I have written this book for people that have been hurt by the devastation of divorce, the pain experienced from the loss of a spouse, singles that have come out of past bad relationships and for spouses to work on their marriage. You cannot enter into a relationship while you are still hurting, two hurting people cannot heal each other, you need to be whole - and while people say 'time' is a great healer, I believe that only our loving Jesus is.
A rose is planted in soil and a fish swims in water. Both have elements in them, of the thing they are rooted in. The rose has the same elements as the soil it is planted in, the fish has the same elements as the water it swims in. We need to be rooted in Christ. If you remove the rose from the soil, it will die. If you remove the fish from the water, it will die. In the same way, if you remove yourself from Christ, you will die!
I have created the logo as a teardrop of colour, because I believe that there is a rainbow in every tear, when Jesus is near.

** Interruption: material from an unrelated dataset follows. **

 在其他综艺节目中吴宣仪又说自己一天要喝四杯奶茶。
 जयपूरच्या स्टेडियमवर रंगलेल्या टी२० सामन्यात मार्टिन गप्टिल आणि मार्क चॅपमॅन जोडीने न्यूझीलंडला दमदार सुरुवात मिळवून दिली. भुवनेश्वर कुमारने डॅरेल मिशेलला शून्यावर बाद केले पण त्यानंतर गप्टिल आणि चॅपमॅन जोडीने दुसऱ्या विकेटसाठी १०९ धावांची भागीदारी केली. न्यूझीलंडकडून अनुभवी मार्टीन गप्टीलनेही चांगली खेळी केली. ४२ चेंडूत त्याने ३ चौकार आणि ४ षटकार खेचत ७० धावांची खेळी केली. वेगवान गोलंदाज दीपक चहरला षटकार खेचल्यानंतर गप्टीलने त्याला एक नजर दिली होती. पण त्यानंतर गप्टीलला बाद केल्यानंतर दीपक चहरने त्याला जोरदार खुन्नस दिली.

In a perfect world, there would be no divorce. There would also be no abortions, no rape, no crime, no poverty and then of course, no need for a Saviour. But we all know this is not a perfect world, we are all imperfect creatures, desperately in need of perfect forgiveness. I have never met a divorced person who intended to be so. I have never met a bride or groom who did not intend for their marriage to last for a lifetime.
But, in our imperfect world, marriages unfortunately do end up in divorce. The accompanying pain and emotional trauma are not limited only to the two parties of the divorce. Children, extended family members, friends and church congregation feel their own pain and experience their own trauma. Debating whether divorce is morally right or wrong, in all or limited circumstances, may be fruitful at times to lift our sights towards a higher ground. But, in this instance we will focus our attention on how we might respond to one another in light of the reality of divorce.
Who are the divorced people amoung us? Are they really the single parents who find themselves separated from the financial resources and emotional support they once shared with a spouse? Or are they the ones who slowly absent themselves from the circles of couples that dominate our church's life? Perhaps the divorced are more hidden than that. Perhaps they are remarried and speak to few of us about their past. Perhaps they lift the communion cup and pray with us from the pulpit, perhaps they teach our Sunday school or sit next to us in the pew?
The divorced person might very well be the one we eye in each morning's mirror. We might be the one who knows from first hand experience the pain or relief of divorce. Or we might just as likely be the friend who has become divorced from a friendship that depended on the 'foursome' to survive. We might in fact be divorced from the whole issue of divorce. We may find ourselves more likely to condemn, not because we are merely judgemental but more like because we have not experienced this pain.
Divorce is never easy, no matter how old, how mature or how rational it's participants. If we all want to share in the ministry of Christ, we must find a way to share in the difficulties of those who face life beyond divorce. Who's really divorced? Perhaps it is we who separate ourselves from the difficulties others experience of divorce, perhaps we are the one's in need of reconciliation.
When you are divorced and you see yourself in the mirror, it does not matter what others think or say of you, but what you believe of yourself that matters. More importantly, it is what God thinks of you that matters most. When someone dies, we know how to surround the survivors with love and comfort. We do not react to divorce in the same way. It is very unusual for someone to visit or bring food to someone experiencing divorce.
Unfortunately, we do not know what to do, so we choose to do nothing. What we are communicating to them is we are judging them or we simply don't care. From the standpoint of the church, divorced people are an intriguing and challenged group to try and serve. Their lack of church involvement may make them appear to be alienated or hostile. But in their private practices, frequent bible reading, regular television Christian programs and dedication to praying, show that they are far from being a 'lost cause.'
God says: My promises can be trusted, I am not a man that I might lie. I not only forgive you, I promise to be with you always, so you will never be alone. I will never leave you. You no longer need your self-serving independence, I will heal your pride. I will free you from all the destructive patterns that bind you. I promise to fill your heart with love and gifts of peace and courage. I will place in you a passion for sharing my love in service to others, you are precious to me and I will heal you. I will give you hope to overcome any discouragement.